The ISO/IEC JTC 1/SC 42 committee, which deals with standardization in the field of artificial intelligence, is developing the ISO/IEC 24029 family of standards on the robustness of systems using neural networks. This standard currently has three parts: ISO/IEC TR 24029-1:2021 [30] on an overview of the subject, published in 2021 as a 31-page document, ISO/IEC 24029-2:2023 [50] on the use of formal methods in this context, published in 2023 as a 23-page document, and ISO/IEC AWI 24029-3 [51] on the use of statistical methods, which is still under development. At the same time, this committee has been assigned to review the ISO/IEC TR 29119-11:2020 [52] standard in the field of software testing, which describes the test methods applicable to AI-based systems, the metrics that can be used, and which maps the various test stages to those of the life cycle of an AI-based system.
CEN and CENELEC have established the CEN-CENELEC JTC 21 in response to the European Commission White Paper [53] on AI. This committee is responsible for the development and adoption of standards for AI and related data, as well as providing guidance to other Technical Committees concerned with AI. In particular, it identifies and adopts international standards already available or under development from other organizations such as the ISO/IEC JTC 1/SC 42 committee.
For its part, the International Software Testing Qualifications Board (ISTQB) published a Syllabus [54] that serves as a basis for certification in AI testing. Among the topics covered in the syllabus are the various quality characteristics to be verified in AI-based systems, including robustness, and the methods, techniques, and environments for testing these systems.
AMLAS [55] is a methodology for the safety assurance of machine learning components in autonomous systems. It supports the development of safety cases in a systematic way. However, this high-level framework does not provide practical guidance on the choice of test methods during the model verification stage or on the appropriate metrics to be used for the robustness assessment of a given system.
Although such reference systems help to structure progress in the field of AI testing and guide the development of new methods and tools, they often lack practical applications. Built to be applicable to different types of AI-based systems, they often result in high-level and generic guidelines.
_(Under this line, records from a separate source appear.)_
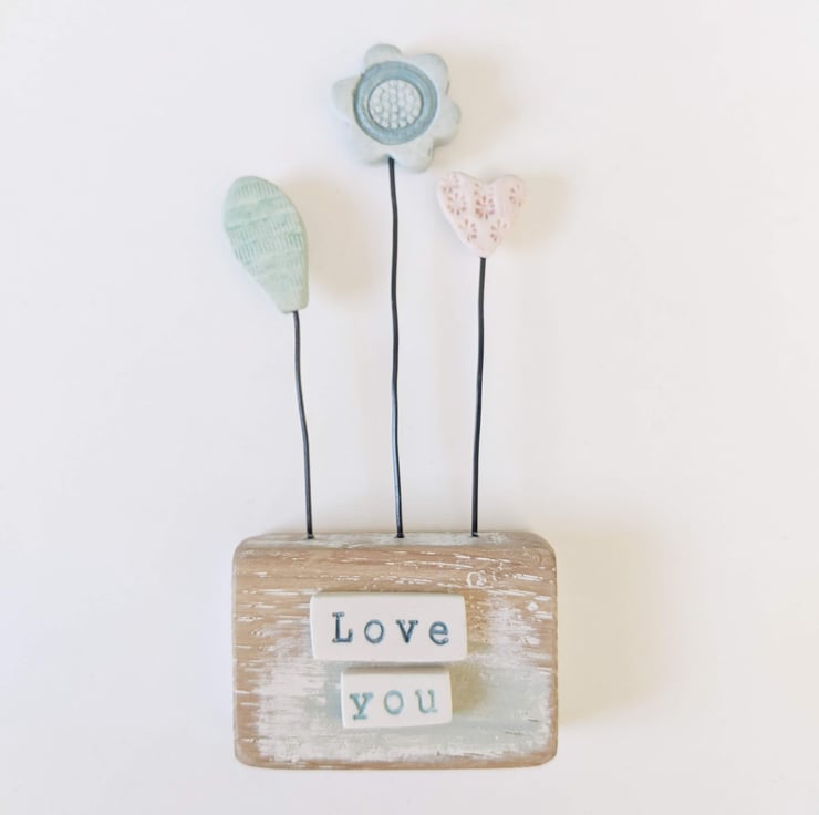 This piece is one of a kind, created from my love of making, exploring and mixing different materials to make a pretty scene that brightens any day.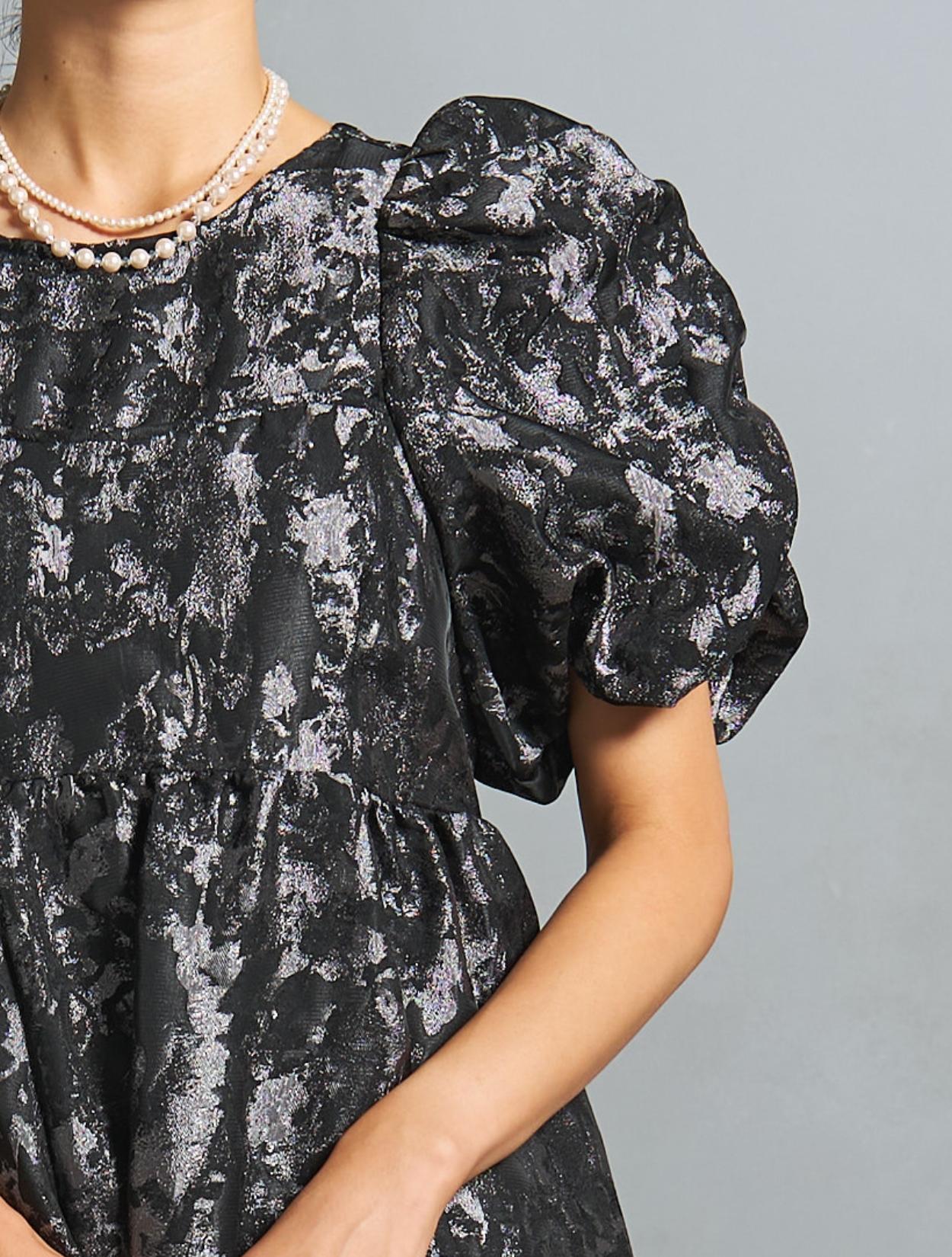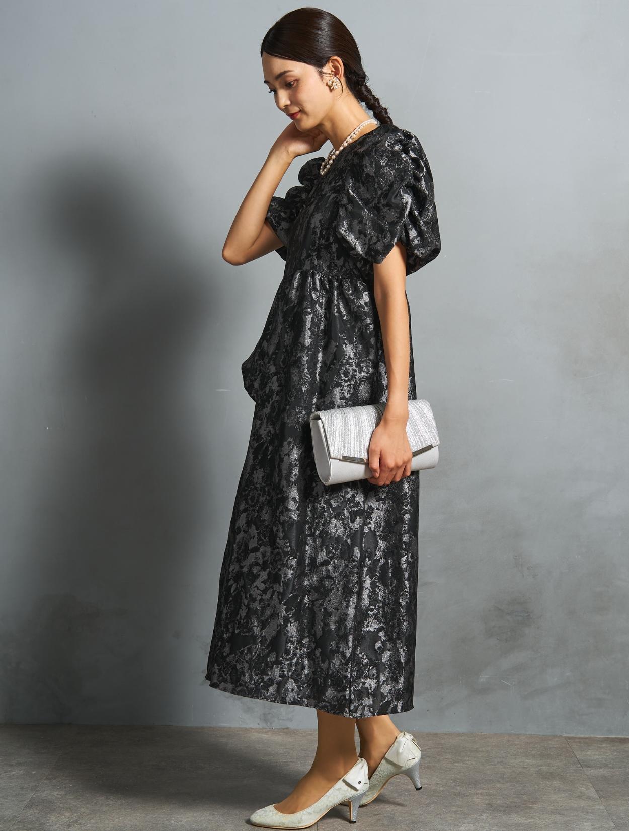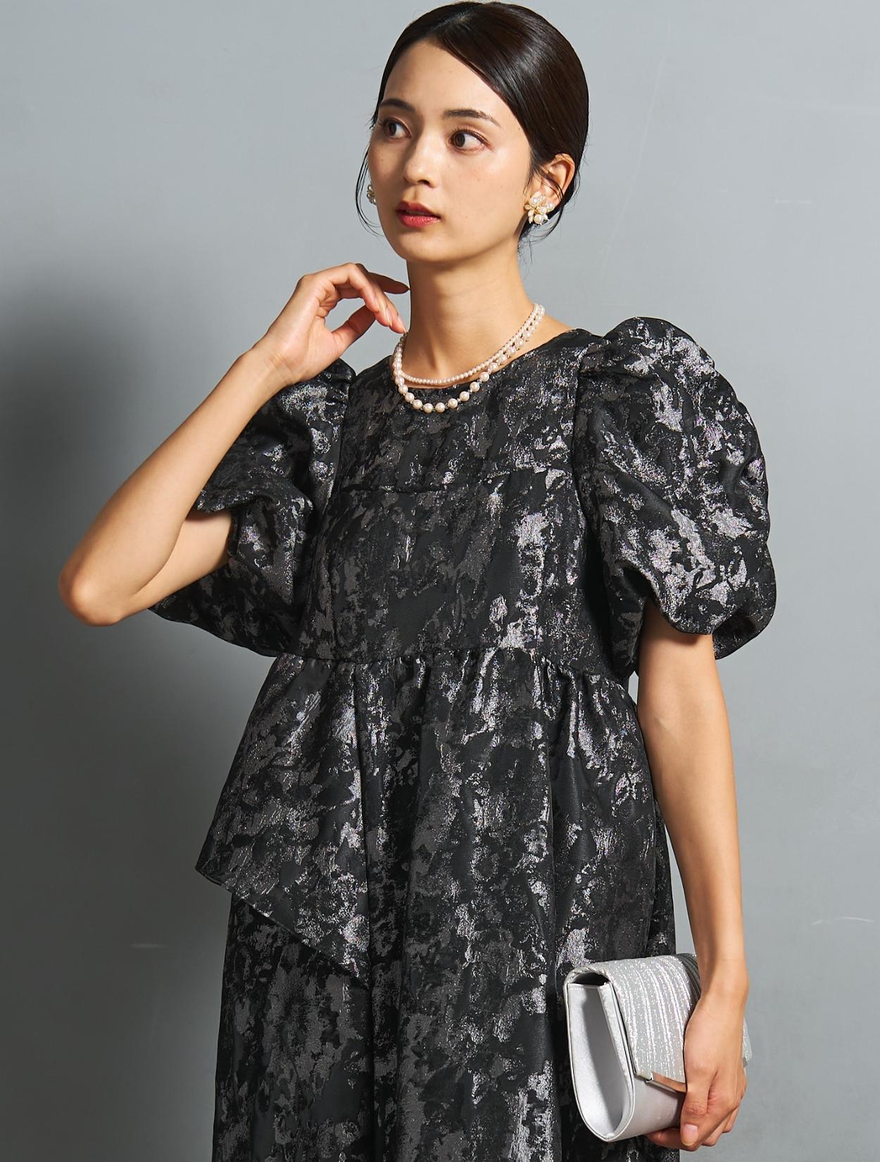 光沢のある糸を織り交ぜた、高級感と立体感のあるジャガード生地がポイントのドレス。上品な生地のフォーマル感と、オーバーシルエットのボリューム感のバランスが絶妙。今っぽくもクラシカルな印象で着こなせます。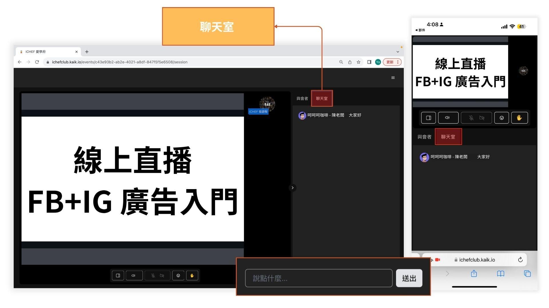 我們還有聊天室可以留言如圖 2-9,主持人會代你向講者發問~

Furthermore, their complexity and inertia in the face of the emergence of new, more relevant methods make them difficult to use when selecting a suitable testing approach in practice.
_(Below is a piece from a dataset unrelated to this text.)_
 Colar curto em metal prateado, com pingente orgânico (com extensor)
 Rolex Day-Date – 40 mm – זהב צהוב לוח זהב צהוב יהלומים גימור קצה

9.2. Robustness Testing of AI-Based Object Detection Systems

Several methods have been proposed in the literature to test the robustness of AI-based models [14,15]. In computer vision, these methods usually involve measuring the performance of the model against perturbed input images that reflect uncertainties in its operational environment. Input images can be classified into two categories [15]: adversarial inputs and natural inputs. Adversarial inputs are crafted from perturbations that are imperceptible to humans but can cause AI models to make incorrect predictions [5]. Alternatively, natural inputs can be generated by applying common perturbations that simulate real-world scenarios, such as sensor failures or changes in the environment [6,7].
Given their nature and implications for the security of AI-based systems, the topic of adversarial input generation has received considerable attention in recent years, as highlighted by Akhtar et al. in two successive surveys [56,57]. This trend has also been observed in the field of AI-based 2D object detection systems, where numerous techniques have been proposed in the literature for generating adversarial inputs [9].
Regarding natural inputs, several methods have been proposed for defining perturbations and generating perturbed input images, guided by knowledge of the application domain [58], coverage metrics [59,60], or properties that the system must satisfy, such as metamorphic relations [22,61]. In addition, several perturbation benchmarks have been proposed in the literature to assess robustness [7,62,63,64]. However, few of these methods have been developed and evaluated in the context of 2D object detection systems. As mentioned in Section 2.2, Wang et al. [22] developed MetaOD, a tool based on metamorphic testing. It aims to verify that inserting objects into the background of an image does not change the results for the other objects. For their part, Zhao et al. [63] proposed a natural perturbation benchmark for testing models in the field of computer vision, including object detection models.
In contrast to related work, we do not aim for a specific application domain (e.g., autonomous vehicles) or a specific set of perturbations. Instead, we aim to fill the gap between academia and the industry, providing practitioners and researchers with practical guidance on the application of effective state-of-the-art methods and a set of relevant metrics to overcome issues encountered in practice, such as the elicitation of relevant perturbations.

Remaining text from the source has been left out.